ECOLOGY: The localities at which C. yucatanensis has been recorded range in altitude from 23– 38 m. The habitat at these localities varies from low or medium semideciduous broadleaf forest to tall, moist evergreen broadleaf forest, often with a dense understory. Much of the original habitat has been cleared for agriculture and rangeland across the Yucatán Península, and this species appears to be confined to remnant patches of forest. The habitat and habitus are consistent with the arboreal, corticolous ecomorphotype ( Prendini, 2001a).
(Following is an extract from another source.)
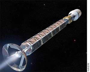 Researchers at NASA's Marshall Space Flight Center developed the sketch (below) of a hypothetical antimatter rocket of the future.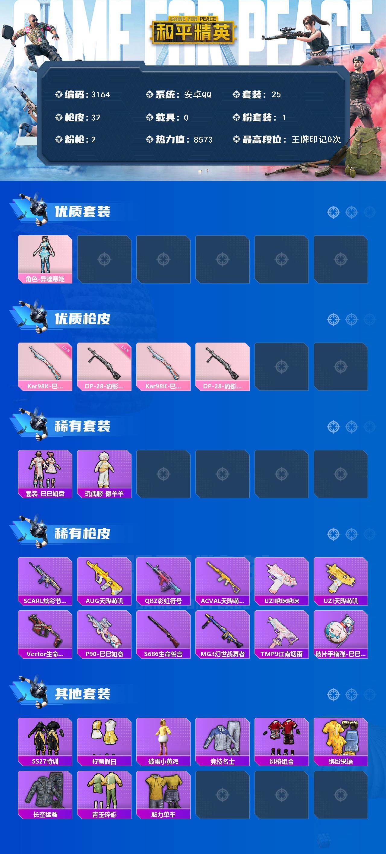 0载具-25套装-32呛皮-25套装/呛械2/装备33/战备20/热力值8573/五级kar98k-巳巳如意/五级dp-28-豹影疾电/角色-异瞳寒姬/kar98k-巳巳如意/dp-28-豹影疾电/炫彩糖果降落伞/巳巳如意/玩偶服-懒羊羊/scar-l-炫彩节奏/aug-天降萌叽/q-彩虹符号/ac-val-天降萌叽/uzi-啾咪啾咪/uzi-天降萌叽/vect-生命誓言/p90-巳巳如意/s686-生命誓言/m

REMARKS: Armas (1996) identified 11 individuals from the Jardín Botánico Alfredo Barrera, Puerto Morelos, Quintana Roo, as C. schmidti . Meristic data recorded by Armas (1996) for an adult male and three females differed greatly from comparative data for the holotype of C. schmidti collected at Lake Tickamaya, Honduras ( Sissom, 1995). Armas (1996) also described C. sissomi , and assigned it to the thorellii group due to its small size. Illustrations and photographs of the holotype female of C. sissomi in the original description indicate that the pectinal plate is not lobed, and subsequent photographs of the holotype by Armas (2006) indicate a densely granular tegument, characters inconsistent with the “ thorellii ” clade. Material examined during the present study confirmed the presence of two sympatric species of Centruroides in the Jardín Botánico Alfredo Barrera, Puerto Morelos. One species, determined to be conspecific with the material previously misidentified as C. schmidti by Armas (1996), based on meristic data, is a hitherto undescribed species, described herein as C. yucatanensis . The other is presumed to be C. sissomi , based on the fact that the pectinal plate is not lobed and the tegument is densely granular, as well as its dark orange coloration and larger size (40 mm). Other records of C. schmidti and/or C. sissomi from the Yucatán Península ( Vázquez, 1999; Teruel et al., 2015a; Ponce-Saavedra and Francke, 2019) are misidentifications of C. yucatanensis .

MATERIAL EXAMINED: MEXICO: Quintana Roo: Município Benito Juárez: Puerto Morelos, Jardín Botánico Alfredo Barrera, 20°50′42.1″N 86°54′12.9″W, 38 m, 4.vii.2007, G. Montiel, R. Paredes, M. Ramírez, D. Chibras, and G. Bonilla, 1 ♂ (AMNH [LP 7597]), 2 juv. ♂ (CNAN SC3984). Yucatán: Município Felipe Carrillo Puerto: Cenote Chac-ha, 3.5 km N and 3 km E of Kalacmul, 20°04′40.3″N 88°08′27.9″W, 23 m, 9.vii.2007, R. Paredes, D. Chibras, and G. Montiel, 1 ♀ (CNAN SC4004).